··· EXTRACTED MATERIAL

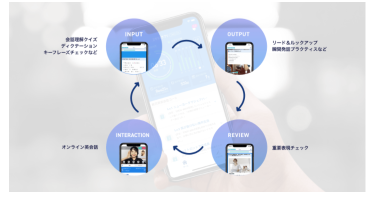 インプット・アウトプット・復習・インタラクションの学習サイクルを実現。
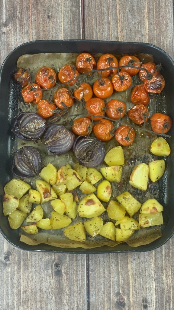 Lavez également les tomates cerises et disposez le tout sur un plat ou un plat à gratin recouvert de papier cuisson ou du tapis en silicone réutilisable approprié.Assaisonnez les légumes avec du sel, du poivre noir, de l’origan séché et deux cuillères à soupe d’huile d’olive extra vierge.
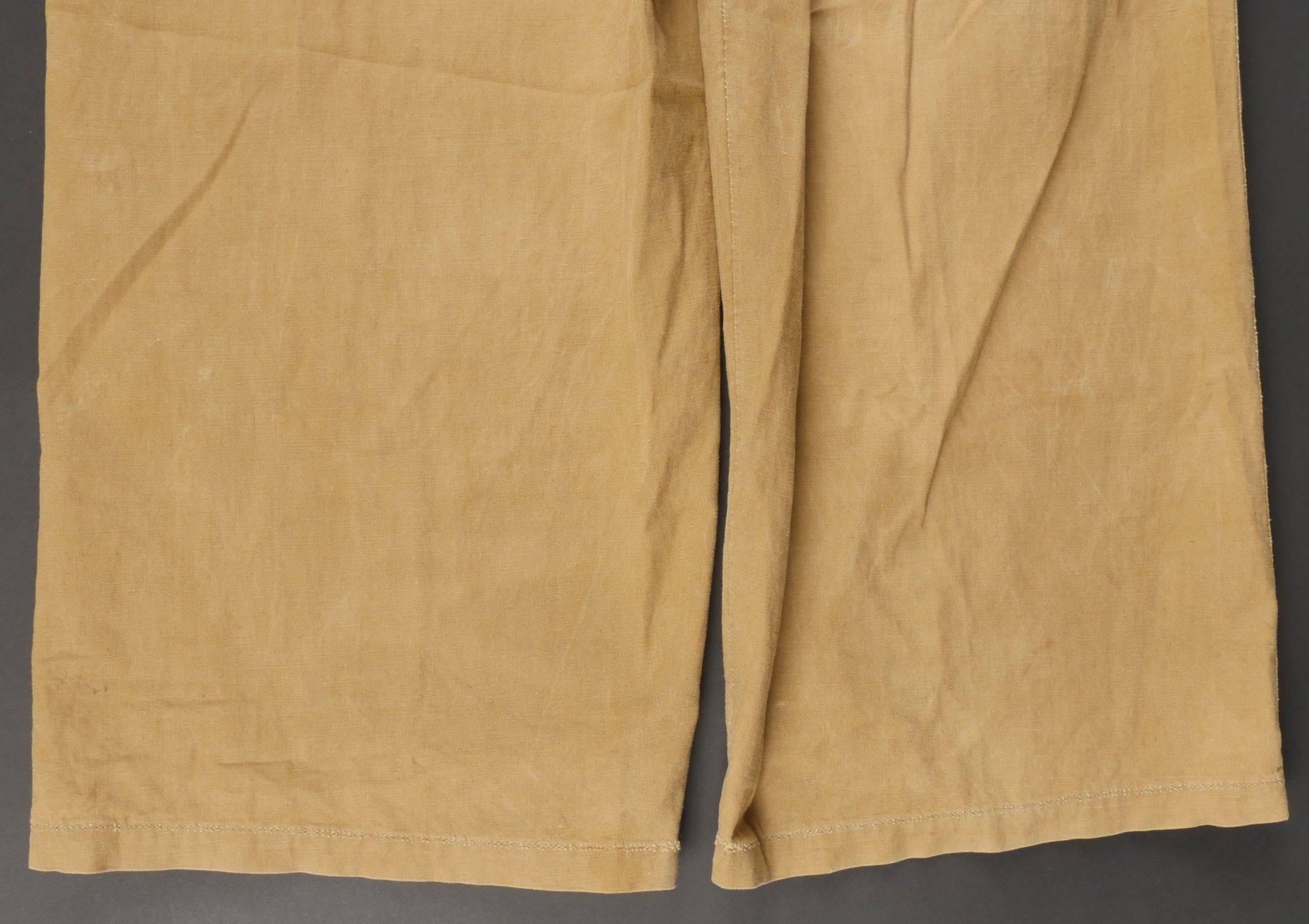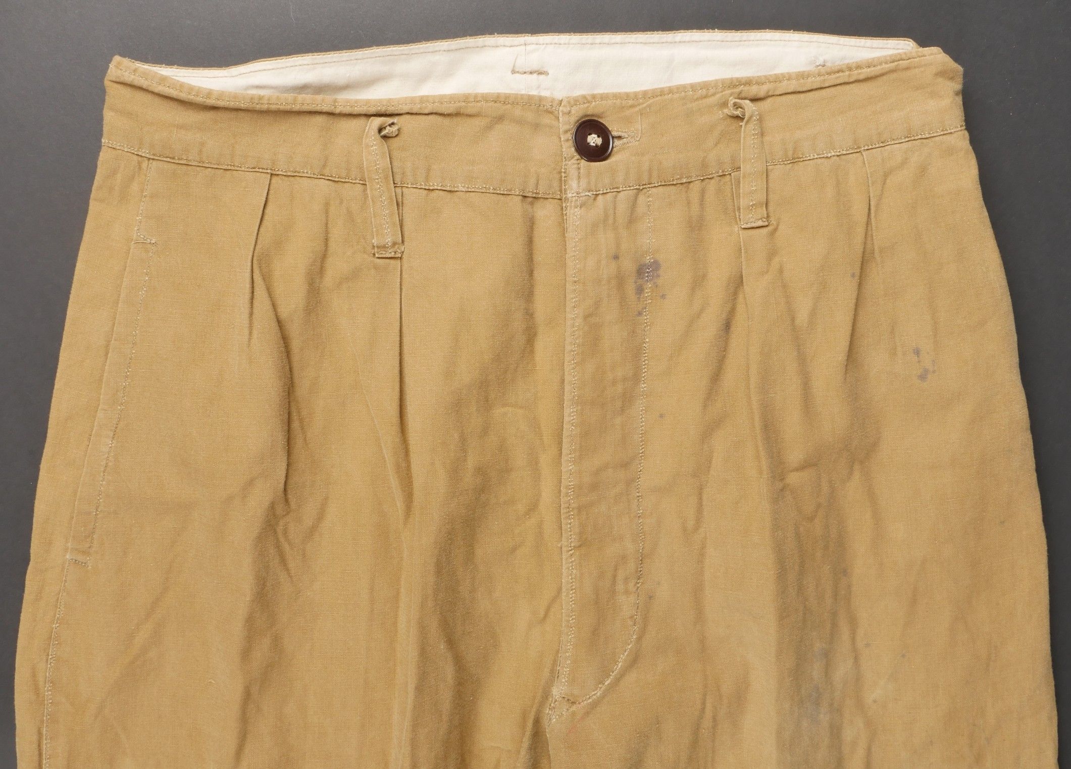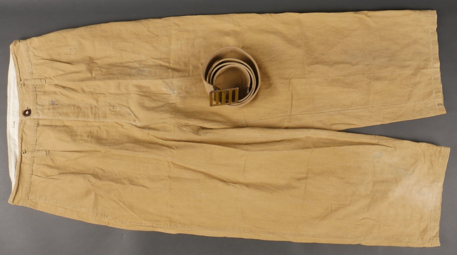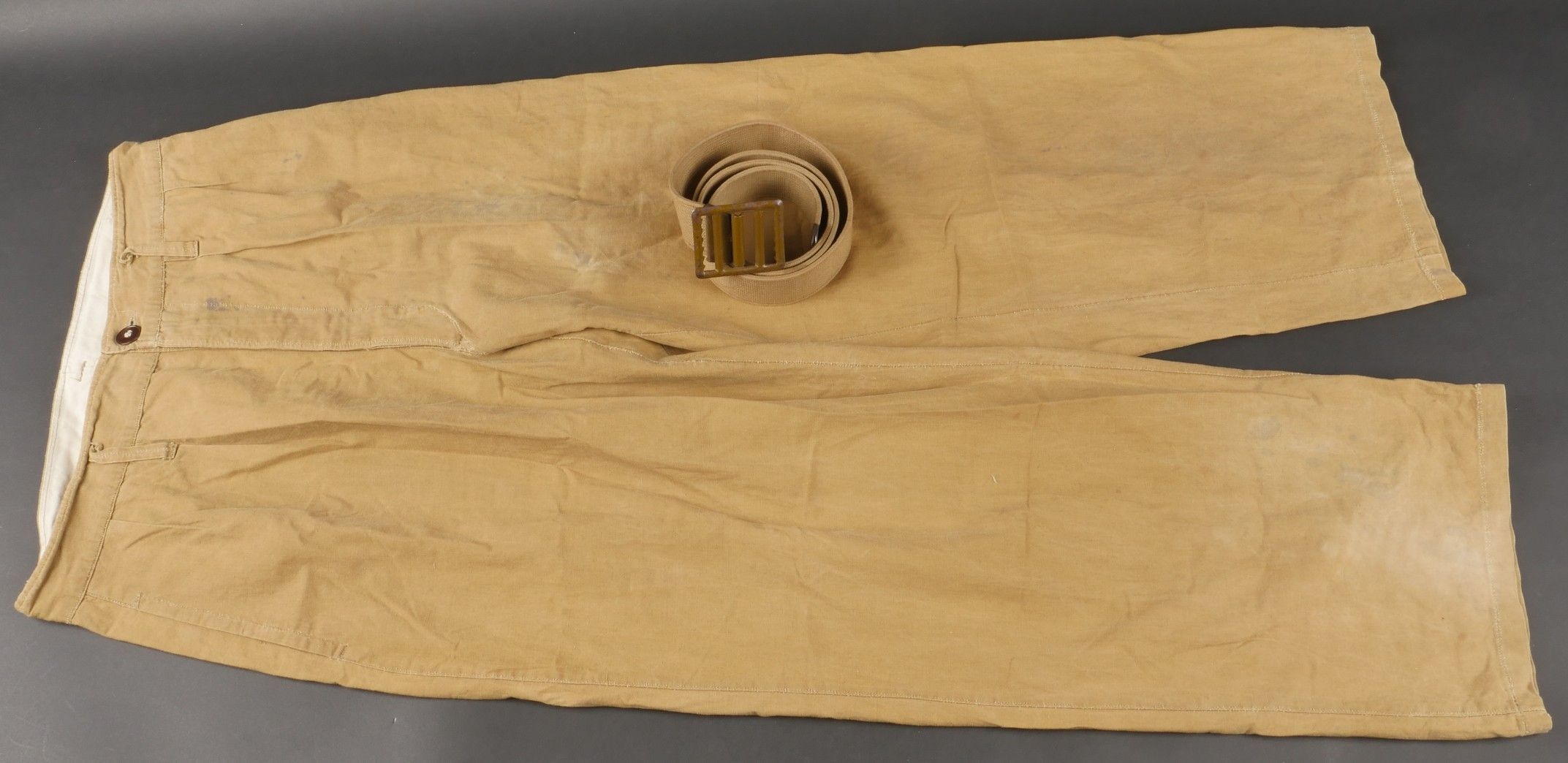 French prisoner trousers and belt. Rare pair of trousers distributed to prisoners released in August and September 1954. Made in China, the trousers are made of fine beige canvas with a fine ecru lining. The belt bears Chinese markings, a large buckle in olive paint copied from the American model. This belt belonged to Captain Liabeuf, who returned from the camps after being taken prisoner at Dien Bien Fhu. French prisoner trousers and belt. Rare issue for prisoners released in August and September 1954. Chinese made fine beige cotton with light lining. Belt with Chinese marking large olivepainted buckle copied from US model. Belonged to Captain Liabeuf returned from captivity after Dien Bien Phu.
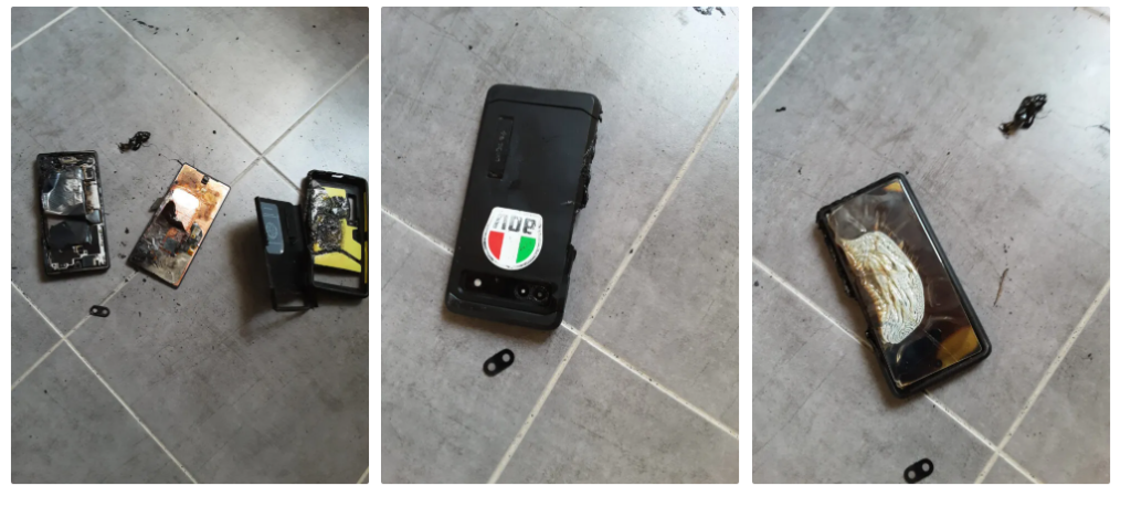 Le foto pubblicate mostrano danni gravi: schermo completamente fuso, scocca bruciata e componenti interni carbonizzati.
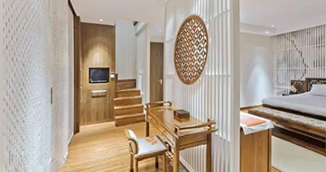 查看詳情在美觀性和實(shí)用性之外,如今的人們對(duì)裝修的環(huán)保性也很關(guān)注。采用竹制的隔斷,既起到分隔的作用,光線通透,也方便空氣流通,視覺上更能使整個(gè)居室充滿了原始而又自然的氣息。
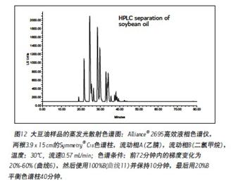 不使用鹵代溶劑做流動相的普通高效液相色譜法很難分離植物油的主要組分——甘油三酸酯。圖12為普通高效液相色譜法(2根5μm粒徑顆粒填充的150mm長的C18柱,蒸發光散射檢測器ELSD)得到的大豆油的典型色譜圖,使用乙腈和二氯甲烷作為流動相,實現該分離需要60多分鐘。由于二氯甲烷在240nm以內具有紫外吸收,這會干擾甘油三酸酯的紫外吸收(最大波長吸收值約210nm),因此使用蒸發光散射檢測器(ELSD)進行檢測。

······

▸ **WORK TASK**:
Reproduce the listing in full and exactly, excluding any pictures it holds.

▸ **TASK SOLUTION**:
 インプット・アウトプット・復習・インタラクションの学習サイクルを実現。
 Lavez également les tomates cerises et disposez le tout sur un plat ou un plat à gratin recouvert de papier cuisson ou du tapis en silicone réutilisable approprié.Assaisonnez les légumes avec du sel, du poivre noir, de l’origan séché et deux cuillères à soupe d’huile d’olive extra vierge.
 French prisoner trousers and belt. Rare pair of trousers distributed to prisoners released in August and September 1954. Made in China, the trousers are made of fine beige canvas with a fine ecru lining. The belt bears Chinese markings, a large buckle in olive paint copied from the American model. This belt belonged to Captain Liabeuf, who returned from the camps after being taken prisoner at Dien Bien Fhu. French prisoner trousers and belt. Rare issue for prisoners released in August and September 1954. Chinese made fine beige cotton with light lining. Belt with Chinese marking large olivepainted buckle copied from US model. Belonged to Captain Liabeuf returned from captivity after Dien Bien Phu.
 Le foto pubblicate mostrano danni gravi: schermo completamente fuso, scocca bruciata e componenti interni carbonizzati.
 查看詳情在美觀性和實(shí)用性之外,如今的人們對(duì)裝修的環(huán)保性也很關(guān)注。采用竹制的隔斷,既起到分隔的作用,光線通透,也方便空氣流通,視覺上更能使整個(gè)居室充滿了原始而又自然的氣息。
 不使用鹵代溶劑做流動相的普通高效液相色譜法很難分離植物油的主要組分——甘油三酸酯。圖12為普通高效液相色譜法(2根5μm粒徑顆粒填充的150mm長的C18柱,蒸發光散射檢測器ELSD)得到的大豆油的典型色譜圖,使用乙腈和二氯甲烷作為流動相,實現該分離需要60多分鐘。由于二氯甲烷在240nm以內具有紫外吸收,這會干擾甘油三酸酯的紫外吸收(最大波長吸收值約210nm),因此使用蒸發光散射檢測器(ELSD)進行檢測。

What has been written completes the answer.